Proving that there’s still plenty of media mileage where the cross-border shopping phenomenon is concerned, the story cropped up in the UK this week. The Guardian tells how the Lawless family’s light gold Skoda Octavia was groaning with shopping bags in the car park of the Tesco store in Banbridge; having just saved up to €250 (£225) during their monthly shopping expedition into Northern Ireland.

Meanwhile, Francess McDonnell suggests in The Irish Times, that the NI Government could reap more benefit from this flurry of cross-border activity, instead of just letting the profits go to UK multinationals. She ponders that perhaps the North’s political leaders have thought about introducing a small, nominal shopping tax for anyone crossing the border to enjoy NI’s retailing delights?   
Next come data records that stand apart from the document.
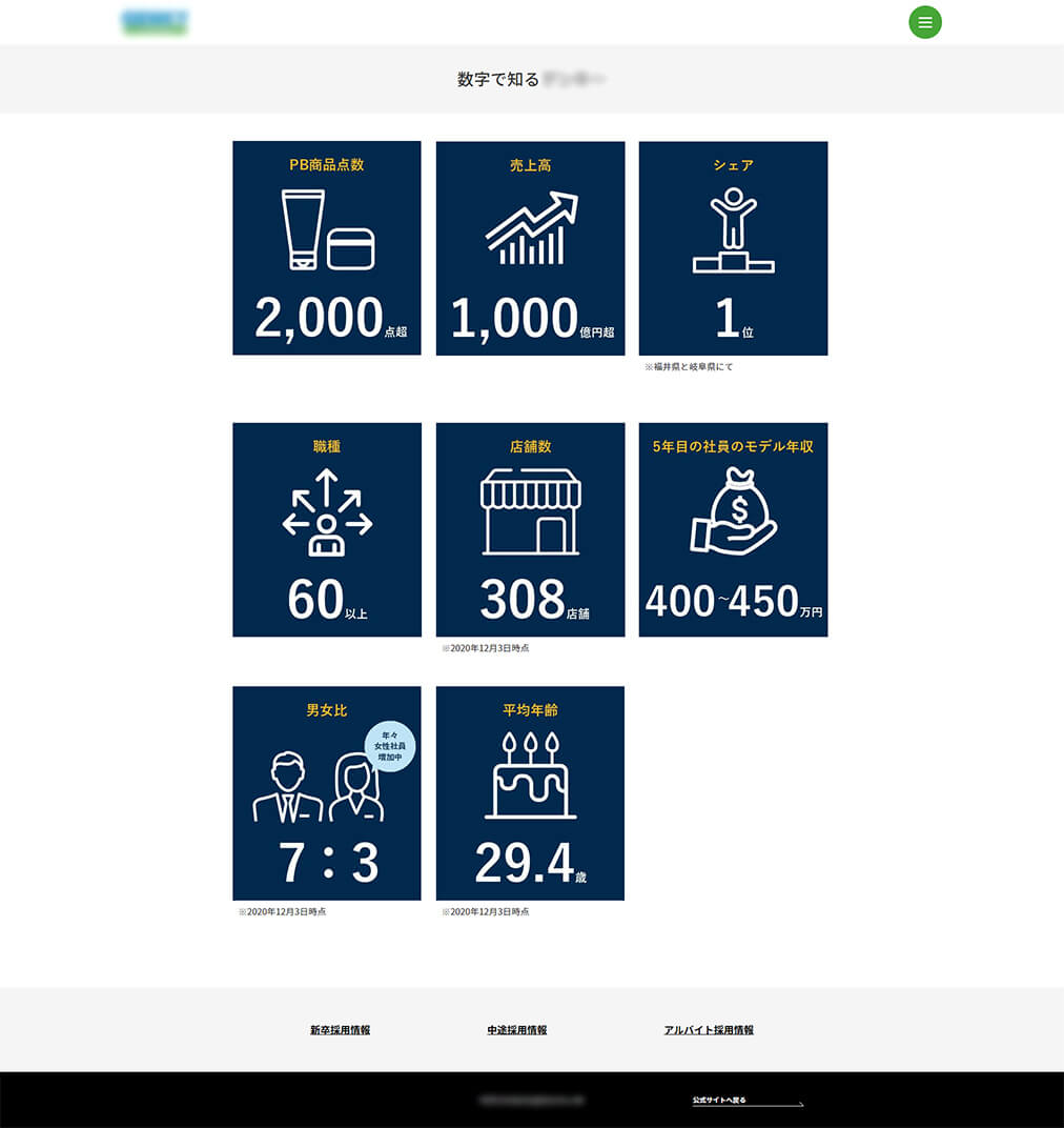 「ドラッグストア」という業態からは想像できない、活躍のフィールドの幅広さが、お客様の魅力でした。TOPページのメインビジュアルでは、お客様ならではのワクワク感を表現しました。このデザインは採用パンフレットと共通のものであり、採用活動におけるブランディングも行っています。
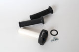 ドミノのツインプルスロットルです。ツインキャブのノートンやトライアンフに最適です。最新の製品ですが、基本的なカタチは往年のTZのスロットルを模したような形状でクラシックにもマッチします。ハイスロのためレースユースにおすすめです。
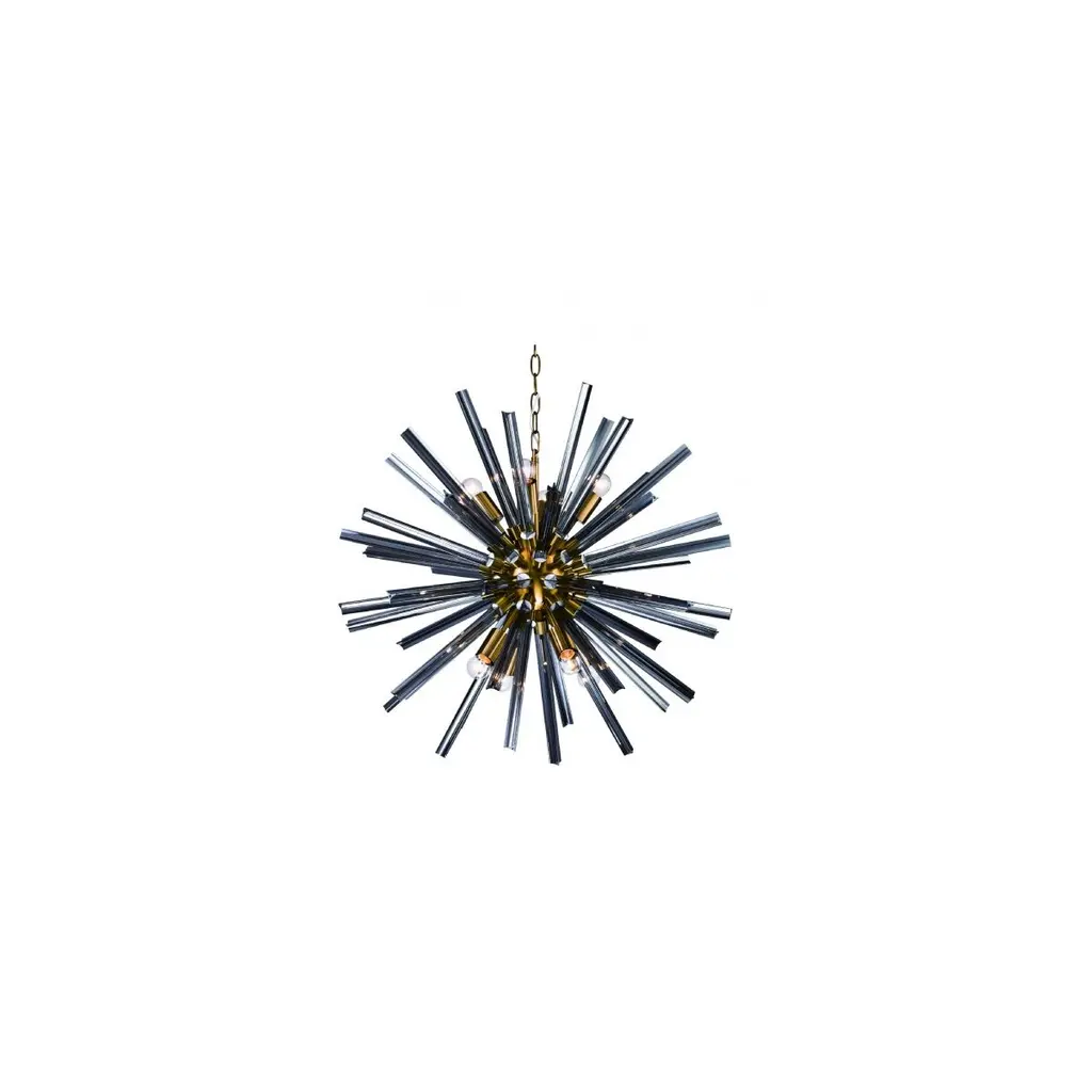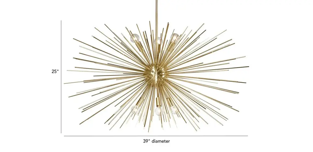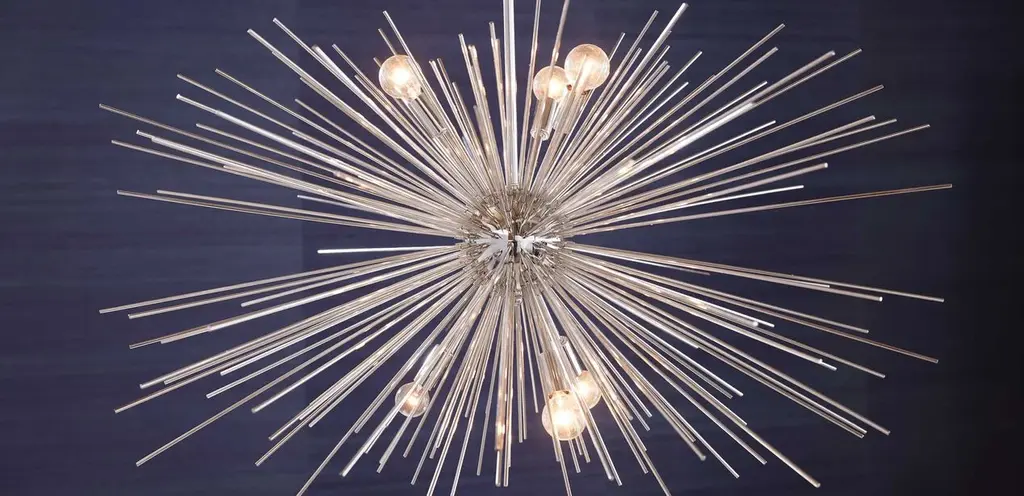 The Starburst sputnik chandelier pays homage to bold midcentury chandeliers that really knew how to own a room. Spines of varying lengths radiate from a central globe in dramatic fashion, creating a spectacular style moment. Its bulbs, reminiscent of antique Edisons, add to its retro appeal. Finished in your choice of nickel or metallic gold, this starburst chandelier sparkles in modern, glamorous, and eclectic settings.
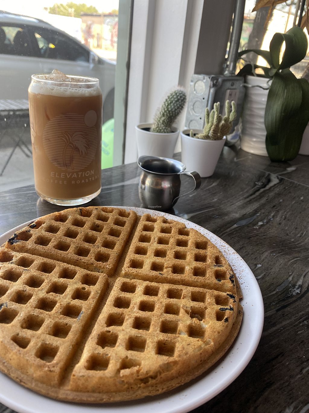 Nice decor and seating in the front and back. Oatmilk latte was sooo smooth. Service was good. We got the vegan burrito and oatmeal. They were out of vegan waffles!
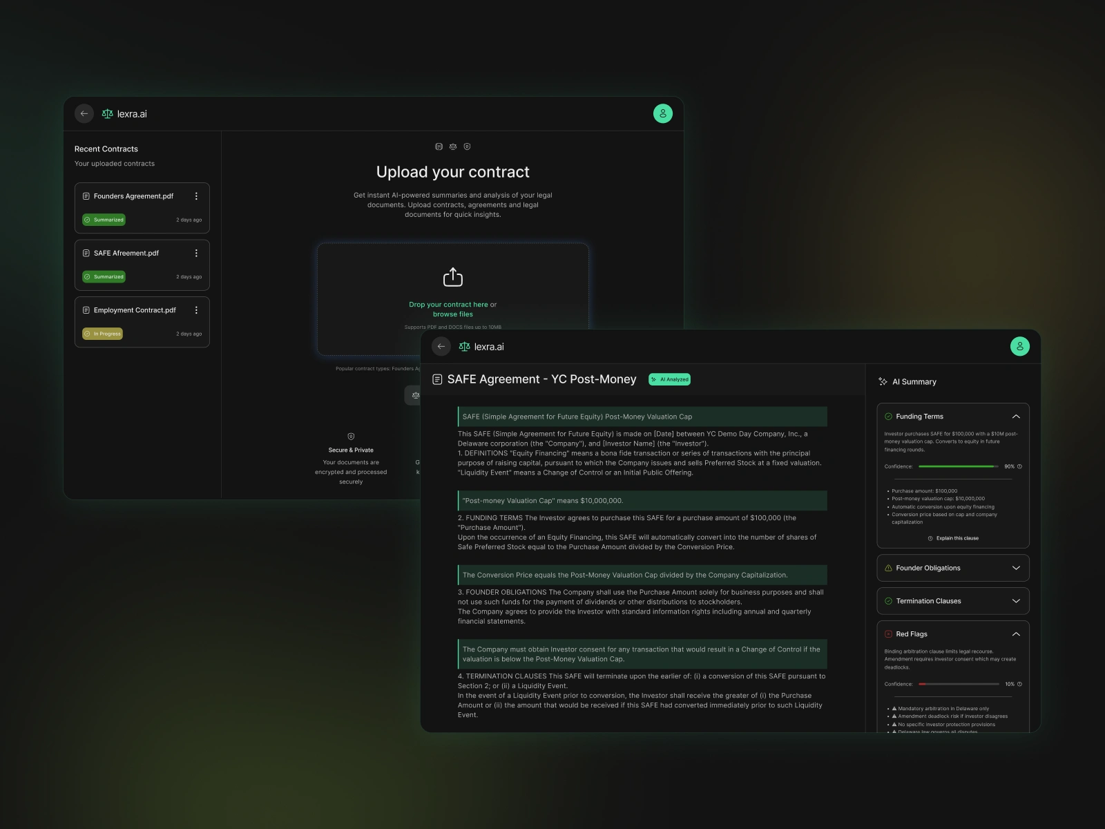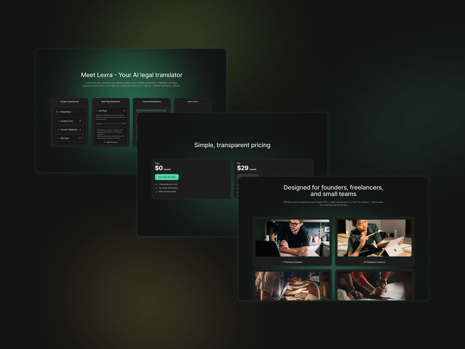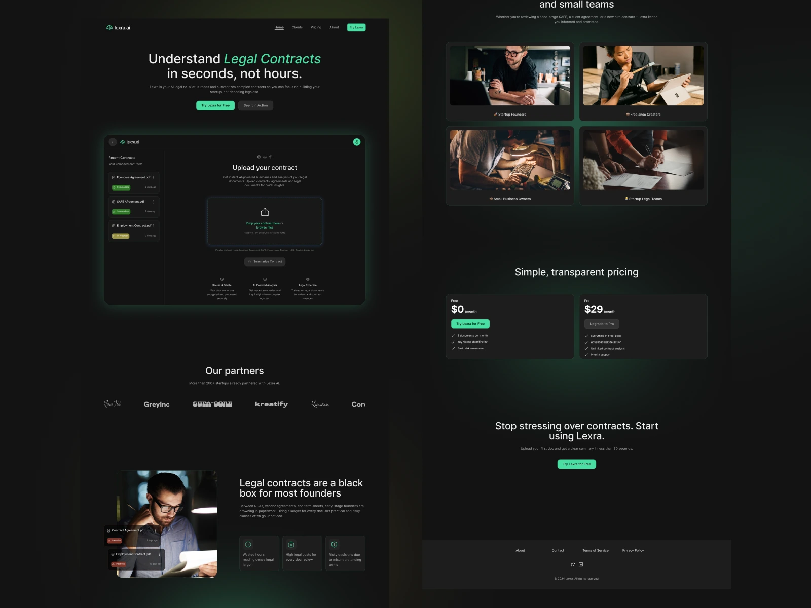 I created the brand identity, UX flow, and high-fidelity landing page to showcase how Lexra simplifies legal language into clear, actionable summaries.
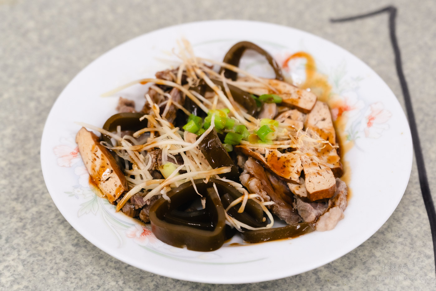 綜合小菜有豆干、海帶和豬頭骨肉。
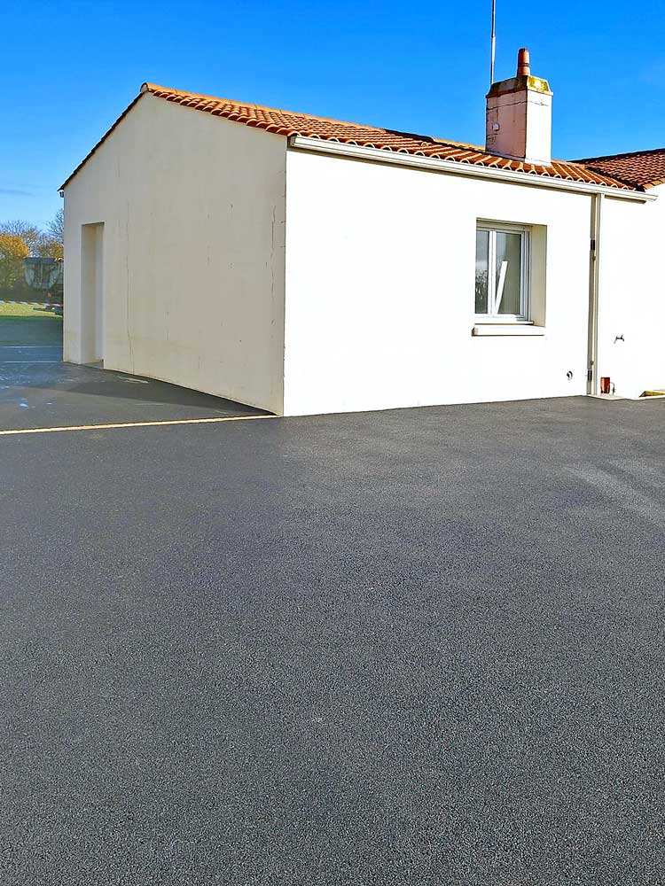 Le choix de l’enrobé noir 0/6, lisse et robuste, assure une longévité exceptionnelle tout en apportant une touche de modernité sobre. Sa couleur profonde crée un contraste élégant avec les façades claires de la maison, tout en unifiant l’ensemble par sa simplicité. L’enrobé, facile d’entretien et résistant, est idéal pour supporter le passage des véhicules et des piétons, sans perdre de son éclat au fil des saisons.
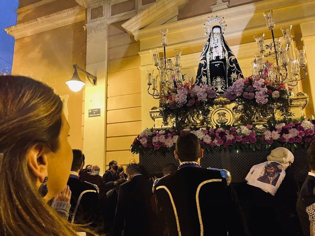 La corporació celebrará la misa de imposición de insignias y medallas a las 19 horas en la Parroquia de Nuestra Señora de los Ángeles del Cabanyal para, al terminar, iniciar la procesión con su imagen titular, la Dolorosa, a hombros de 25 costaleros y abriendo el cortejo 4 caballos de la citada unidad de caballería
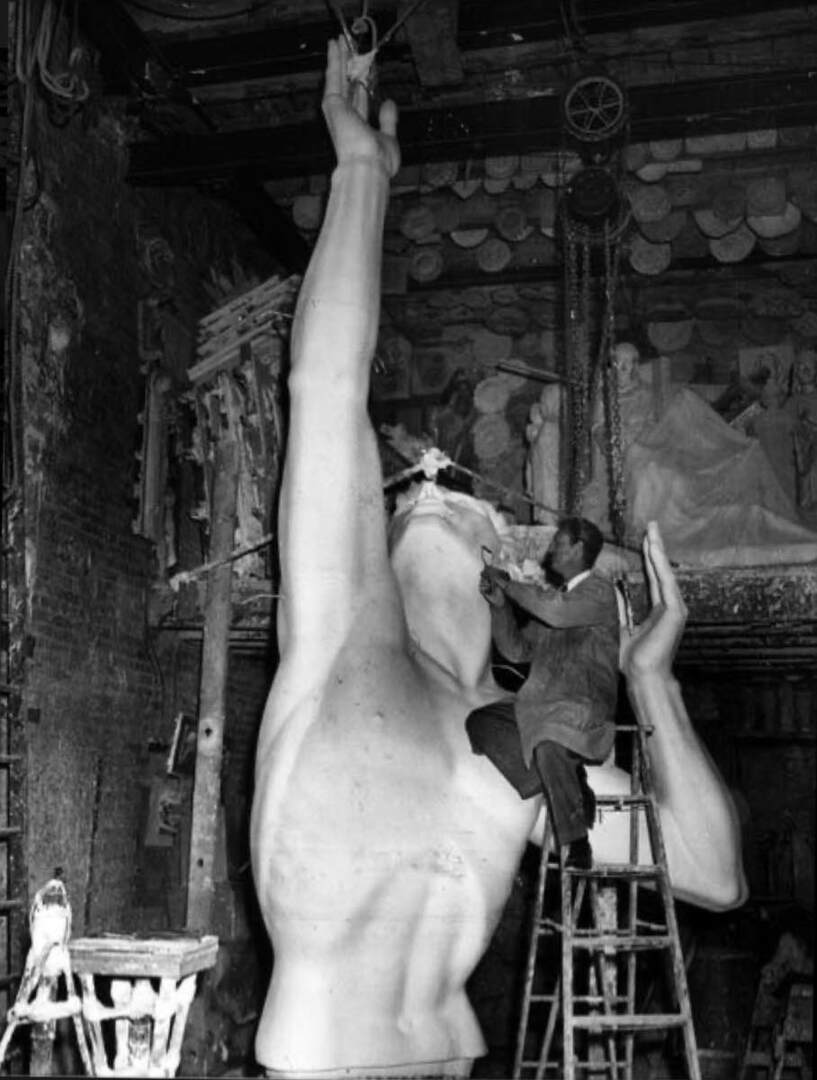 The Fountain of Eternal Life’s sculptor, Marshall Fredericks, was a graduate of the Cleveland Institute of Art and had served in the United States Army Corps of Engineers and the United States Air Force during the Second World War. As the conflict came to an end in 1945, several organizations and media outlets in Cleveland began formulating a plan to develop a memorial to honor local residents who were lost. By the end of 1945, the Cleveland Press had raised $104,000 through a public subscription drive, enough for the initial planning and sourcing of materials for a monument to take place and for Fredericks to be officially selected as the designer and sculptor of the memorial. By 1946, it was decided that the memorial, dubbed the War Memorial Fountain in the media, would be built on Cleveland’s Mall.
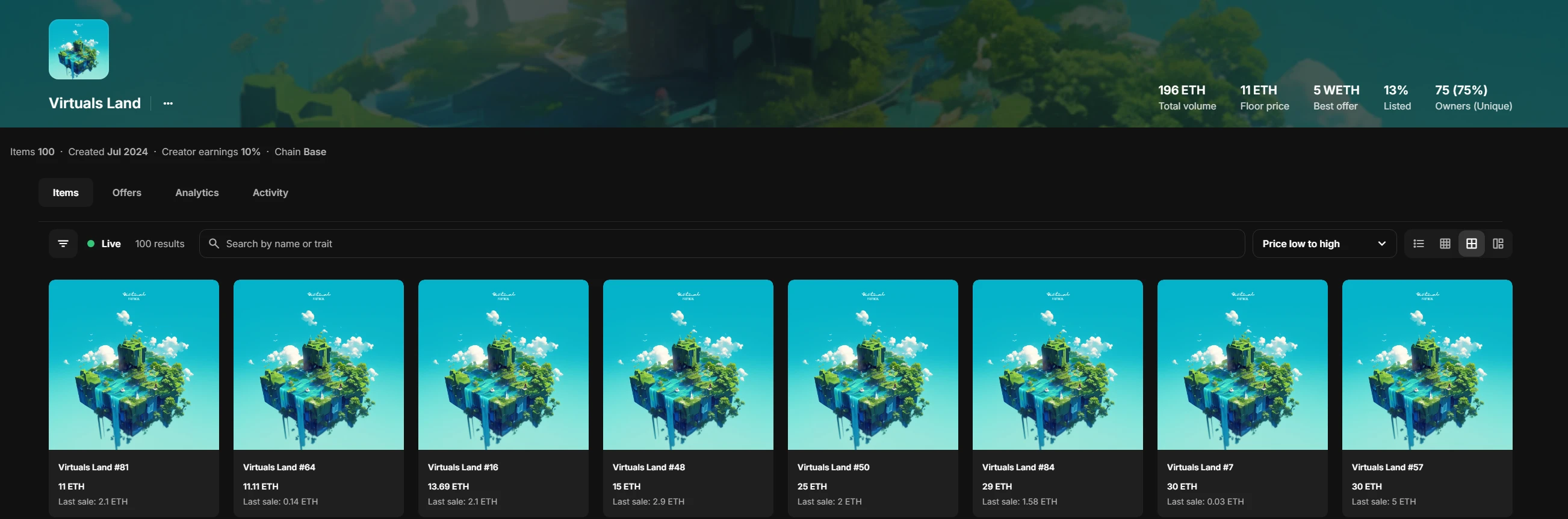 Virtuals World是Virtuals官方于2024年7月推出的Free Mint土地NFT系列,总量仅100枚,无白名单限制。

The Guardian considers whether carbon labelling has become farcical. Tesco has just announced that its own-brand toilet paper and kitchen rolls have joined a group of 100 lines that declare on the packaging how much carbon dioxide is emitted during their production and distribution. But is the news that that each sheet of Tesco’s recycled toilet roll uses "1.1g of carbon" compared to 1.8g for its standard toilet roll, simply too much information?  

And finally, it arrived in email inboxes in bulk across the country this week, and The Irish Independent has confirmed that ‘the bull in a SuperValu shop‘ clip has become an online ‘Youtube’ sensation. Thousands logging on across the world to view the Ballinrobe, Co. Mayo store has generated priceless publicity for the SuperValu group.